18 Mai 2015
“Como se pode esperar um bom resultado desse processo socioeducativo tão deficiente? É claro que não virá”. A frase do promotor de justiça Tiago de Toledo Rodrigues resume a situação nas unidades da Fundação Casa, responsável pela ressocialização de menores infratores de São Paulo. O diagnóstico do promotor da Infância e Juventude da capital paulista é feito com base em uma investigação de oito meses do MP, que mostra um cenário de superlotação, internações curtas e alto índice de reincidência entre os menores.
A reportagem é de Renan Truffi, publicada por CartaCapital, 14-05-2015.
O relatório, ao qual CartaCapital teve acesso, vem a público em meio ao avanço da pauta da redução da maioridade penal no Congresso e ajuda a fazer um retrato da situação brasileira. Mesmo sendo considerado o melhor estado do País pelo Conselho Nacional de Justiça (CNJ) na aplicação de medidas para adolescente, São Paulo tem uma situação precária na Fundação Casa, segundo avaliação do Ministério Público.

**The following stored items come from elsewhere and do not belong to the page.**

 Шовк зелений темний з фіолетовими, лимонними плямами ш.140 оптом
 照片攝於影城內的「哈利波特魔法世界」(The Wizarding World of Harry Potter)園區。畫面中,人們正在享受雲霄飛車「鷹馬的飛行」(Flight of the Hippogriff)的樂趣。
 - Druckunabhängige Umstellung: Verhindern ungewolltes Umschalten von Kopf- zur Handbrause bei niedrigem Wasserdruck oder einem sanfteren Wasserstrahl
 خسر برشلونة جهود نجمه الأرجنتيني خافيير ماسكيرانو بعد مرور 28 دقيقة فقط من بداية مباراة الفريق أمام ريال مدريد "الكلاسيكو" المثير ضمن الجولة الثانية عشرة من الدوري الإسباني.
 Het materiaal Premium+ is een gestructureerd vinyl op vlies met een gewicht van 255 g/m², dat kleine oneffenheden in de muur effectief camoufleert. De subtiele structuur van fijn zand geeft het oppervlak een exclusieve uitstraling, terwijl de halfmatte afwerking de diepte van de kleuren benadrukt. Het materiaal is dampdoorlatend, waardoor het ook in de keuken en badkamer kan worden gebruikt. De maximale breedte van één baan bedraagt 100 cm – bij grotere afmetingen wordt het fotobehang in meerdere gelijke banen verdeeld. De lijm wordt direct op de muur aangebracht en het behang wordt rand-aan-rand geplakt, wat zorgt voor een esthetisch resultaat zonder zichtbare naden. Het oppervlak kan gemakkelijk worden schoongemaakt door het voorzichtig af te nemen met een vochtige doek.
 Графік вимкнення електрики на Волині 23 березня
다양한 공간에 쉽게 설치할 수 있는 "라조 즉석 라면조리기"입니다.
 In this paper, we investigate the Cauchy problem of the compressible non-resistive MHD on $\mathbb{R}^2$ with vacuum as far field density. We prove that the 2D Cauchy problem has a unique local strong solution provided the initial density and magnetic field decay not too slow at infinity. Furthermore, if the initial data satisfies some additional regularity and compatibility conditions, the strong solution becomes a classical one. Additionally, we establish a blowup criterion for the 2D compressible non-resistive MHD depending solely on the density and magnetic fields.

Para Rodrigues, este cenário dificulta o debate a respeito da eficácia dos mecanismos que cuidam dos adolescentes infratores, o Estatuto da Criança e do Adolescente (ECA) e do Sistema Nacional de Atendimento Socioeducativo (Sinase). “Nós não podemos dizer que essas ferramentas à disposição da sociedade para o controle de criminalidade, de violência, manutenção da segurança e da paz não são eficientes", afirma. "Nós só podemos questionar os mecanismos que o ECA e o Sinase nos fornecem quando eles forem, de fato, postos a prova”, afirma.

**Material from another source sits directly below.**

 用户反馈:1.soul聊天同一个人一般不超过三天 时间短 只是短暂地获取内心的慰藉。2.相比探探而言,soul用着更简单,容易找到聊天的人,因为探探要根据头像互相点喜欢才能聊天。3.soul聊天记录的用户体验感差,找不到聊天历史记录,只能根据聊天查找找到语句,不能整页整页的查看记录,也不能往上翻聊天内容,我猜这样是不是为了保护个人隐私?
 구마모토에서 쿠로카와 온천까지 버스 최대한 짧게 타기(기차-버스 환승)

Os dados mostram uma situação ruim. De acordo com o relatório do Ministério Público, das 38 unidades da Fundação Casa na capital paulista, 27 estavam, em março, com número de menores superior à capacidade original. A instituição, sob controle do governo Geraldo Alckmin (PSDB), alega que uma liminar do Supremo Tribunal Federal (STF) permite a acomodação de 15% a mais de adolescentes em cada uma das unidades. Ainda assim, mesmo se desconsideras as unidades que estão dentro da margem estabelecida pela Justiça, o número de unidades superlotadas chega a 20 na cidade.
Por conta disso, muitos menores são obrigados a dormir em colchões no chão, um encostado no outro, para que todos caibam nos dormitórios. “Será que é possível garantir a segurança, a integridade física e a dignidade sexual de adolescentes num ambiente em que deveriam ter 170 menores e estão 259?”, questiona o promotor ao citar a situação na “Casa Topázio”, localizada na região do Brás, centro de São Paulo.

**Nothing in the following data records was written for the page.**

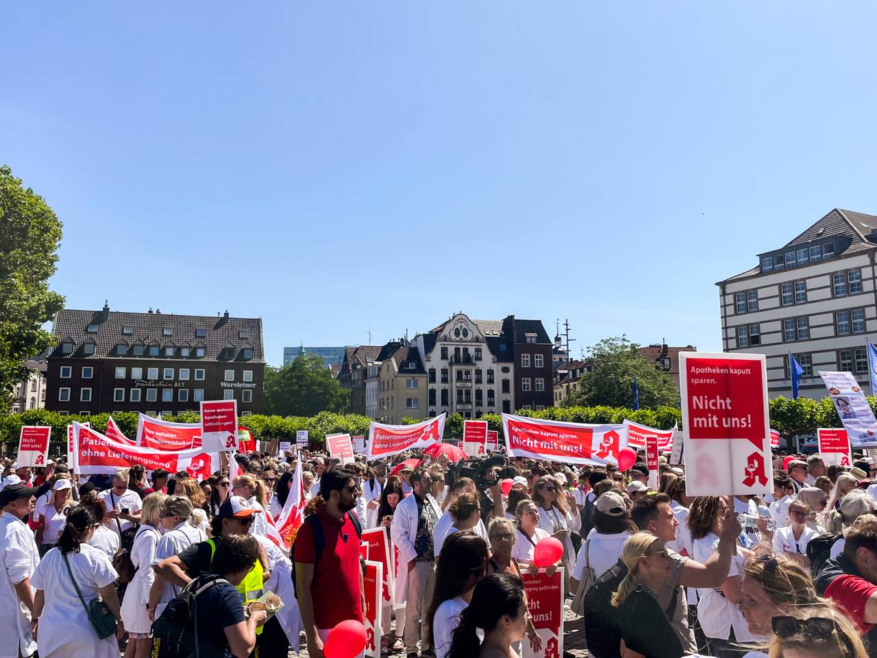 Die Hausärzteverbände Nordrhein und Westfalen-Lippe haben ihre Mitglieder aufgefordert, die Praxen spätestens ab zehn Uhr zu schließen und stattdessen an Online-Fortbildungen teilzunehmen. Eine Notfallversorgung sei aber sichergestellt, hieß es. Patienten seien aufgefordert, ihre Rezepte für Medikamente noch am Vortag einzulösen, um nicht auf die Notdienst-Apotheke zurückgreifen zu müssen. Ein Aktionsbündnis von Apothekern und Medizinern im Rheinland hat für den frühen Abend zusätzlich zur Protestaktion ins Haus der Ärztekammer geladen. Gemeinsam wollen sie auf Missstände in der ambulanten Gesundheitsversorgung aufmerksam machen.
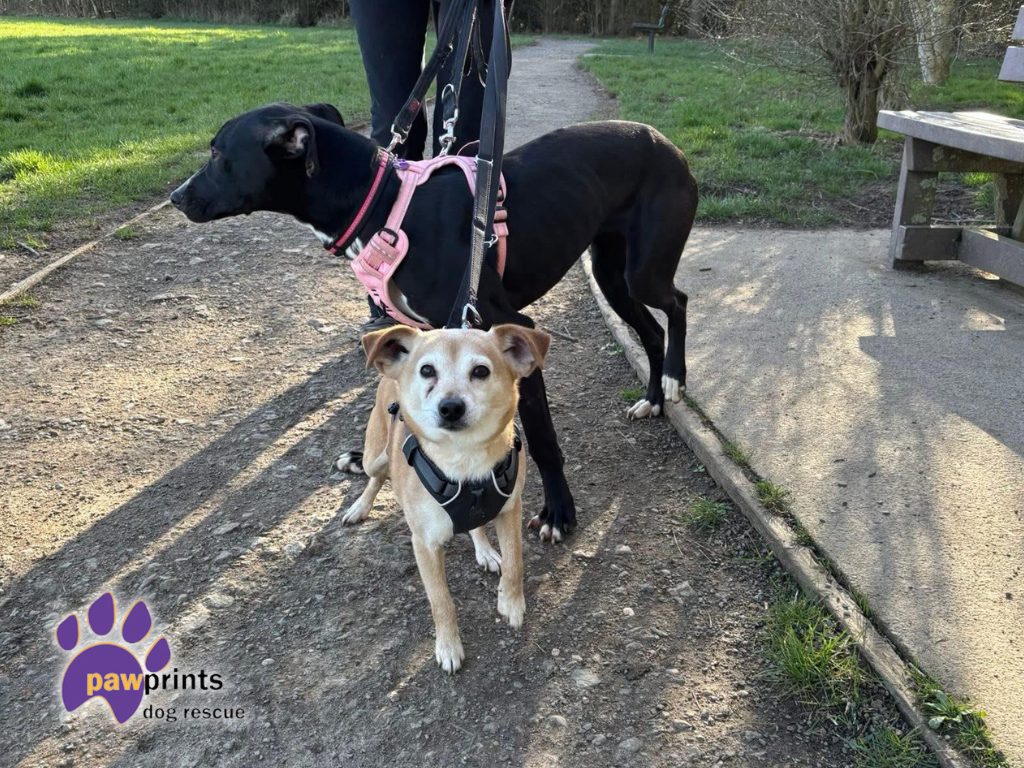 Rupert can be a little bit aloof when you first meet him, but he is definitely won over by food and once he knows you enjoys a fuss. He could live with children over 14, we have only seen friendly behaviours around people but with him being older we think he would rather live with older kids. Whilst he enjoys being out and about in busy places, he also likes a quiet area to sleep when he needs to. He could have younger visitors. He is good being handled and picked up for things like the vets, being put in the car, having a harness on.
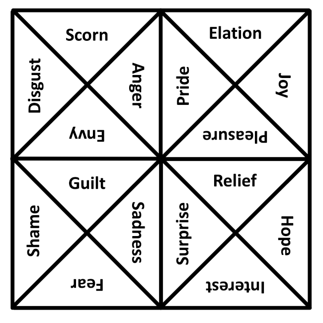 (Circular Order) Anger, Contempt, Disgust, Envy, Guilt, Shame, Fear, Sadness, Surprise, Interest, Hope, Relief, Satisfaction, Joy, Elation, Pride
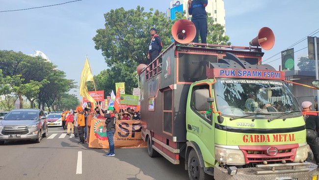 "Selamat hari buruh sedunia yang jatuh pada 1 Mei 2022. Ayo berkumpul di belakang mobil komando," kata pria di atas mobil komando tersebut.
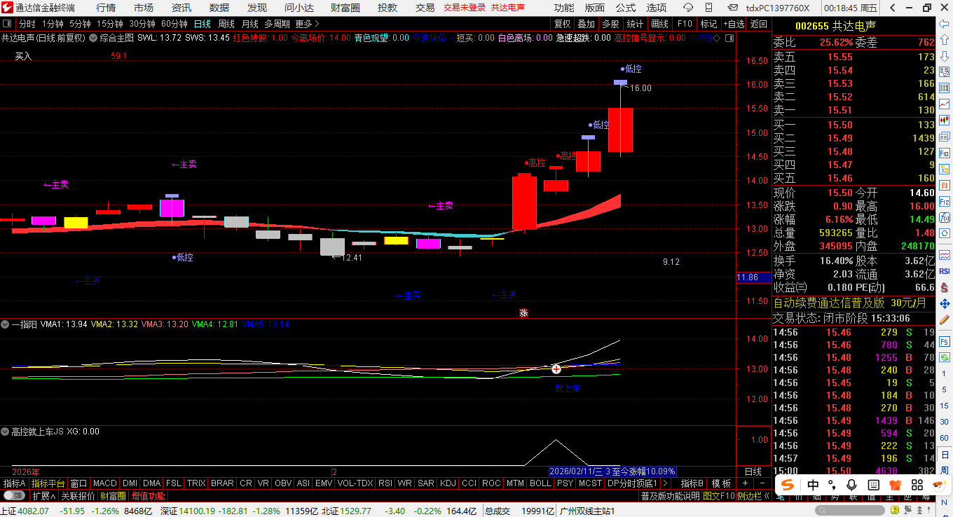 【高控就上车选股策略】技术指标可以在通达信手机端和电脑端使用,电脑端使用建议采用自动监测方式,下面为手机端导入方式:

A superlotação explica, segundo os promotores, outra situação diagnosticada nos oito meses de análise. O alto número de menores na instituição tem feito com que os adolescentes fiquem internados por períodos mais curtos. Dos 1232 casos de internação contabilizados nas unidades da capital, entre agosto de 2014 e março deste ano, 89,6% (1.104) não passaram mais de 12 meses na Fundação Casa. E apenas cinco adolescentes passaram mais do que dois anos em processo de ressocialização.
Para a Promotoria da Infância e Juventude da Capital, a Fundação Casa pode estar recomendando a liberação de menores infratores mais cedo para evitar o colapso do sistema. “A superlotação inquestionavelmente gera necessidade de abertura de vagas. É preciso abrir vagas para demanda crescente e existente. Isso pode estar influenciando e essa é uma das linhas investigativas do Ministério Público”, diz o promotor de justiça Tiago de Toledo Rodrigues.
Reincidência e semiliberdade
O Ministério Público ainda produziu uma lista com os atos infracionais mais praticados pelos menores na capital paulista no período entre agora de 2014 e março deste ano. O roubo circunstanciado, ou roubo qualificado, é o ato que aparece em primeiro, por representar 53,2% (1.793) do total de atos infracionais. Em seguida, vem o tráfico, que corresponde a 23,1% (779) dos casos. Juntos, crimes de estupro, latrocínio e homicídio representam 3,1% dos atos.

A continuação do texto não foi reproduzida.